Anguish is such an ingrained part of the business that it is written into its tax documents. In a description of its donor services, filings state LiveOn staff must thoroughly explain the process to families, “whose ability to process information is impaired by emotionally traumatic circumstances.”

LiveOn has credited the turnaround to its education of local elected officials and other messengers, donor hospitals and families to encourage donation. The nonprofit spent more than $8 million on government affairs and public education in 2023, its latest tax filings show.

That figure is dwarfed by the $63 million LiveOn poured into clinical care and getting consent for more organs, which rose from $34 million in 2019. Much of the new spending covers a growing staff headcount, up by 210 employees to 480, a 78% increase. LiveOn declined to say which positions were added or how many employees are specifically dedicated to family services.

Most of LiveOn’s revenue comes from reimbursements for the organs – procured from a family member or, less frequently, the donor registry – that LiveOn delivers to transplant centers. Organ procurement organizations typically pay hospitals to continue to care for a body after the patient is declared dead until their viable organs can be removed, according to two current and former hospital executives with knowledge of the process. Those costs are offset by payments, usually from government or private insurers on behalf of the receiving patient, and sometimes from the transplant center itself. Deceased patients and their families are not compensated.

LiveOn’s revenue nearly doubled, to $82 million, between 2019 and 2023, a significant leap in just five years, according to tax filings.
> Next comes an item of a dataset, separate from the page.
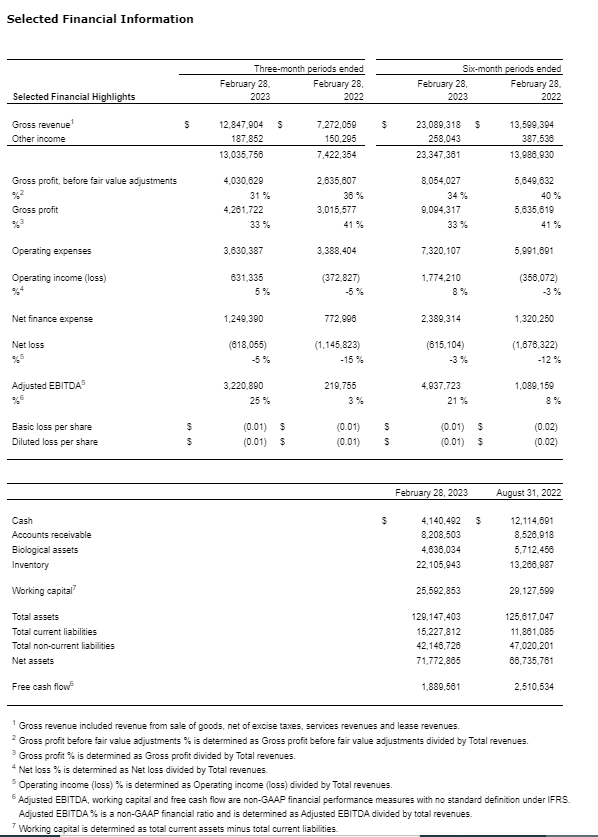 - The company has set an objective by its fiscal year-end, August, 2023, to activate nine growing zones, a 50-per-cent capacity increase at the Valleyfield facility compared with the previous fiscal year-end. Subsequent to quarter-end, the ninth growing zone was activated.

Executive salaries have risen too: Achan earned more than $1.1 million in 2023, close to double his predecessor’s compensation and a 25% raise from the year before.

Advances in the field

In addition to its efforts to persuade family members to donate a dying loved one’s organs, LiveOn is benefiting from technological developments that make organs last longer.

So-called perfusion machines that pump organs with blood and other fluids can now keep them viable outside the body for longer, sometimes by a matter of days. That has given doctors more flexibility to assess organs, attempt transplants and even make additional offers if a planned recipient becomes ineligible, said Dr. Nabil Dagher, director of the Transplant Institute at Northwell Health, one of the biggest transplant programs in the state.

Perfusion has also allowed doctors to take organs directly from patients whose blood flow has completely stopped without losing critical time to transplant them. Traditionally, donated organs came from patients who are brain dead, when the body is considered legally deceased but can still sustain organ function. But perfusion has made more patients viable donors even after their blood stops pumping. That has led more donations to come from patients who were taken off life support until their heart stops – a state known as cardiac or circulatory death, Dagher said.

In New York, the number of people who became organ donors after cardiac death has grown dramatically. Downstate, in LiveOn’s realm, 220 donors, or 38%, entered the transplant system this way in 2024, up from 29% of all donors the year before.

Hard truths

More than 1,300 organs were transplanted in LiveOn’s jurisdiction last year, according to the Scientific Registry of Transplant Recipients, giving people around the country another chance to live.

“It’s very difficult to explain that to the family,” said one trauma surgeon who works at a safety-net hospital in Brooklyn.

But the message is getting through, Achan said. “New York’s community has really risen to the occasion over the last three years to do this.”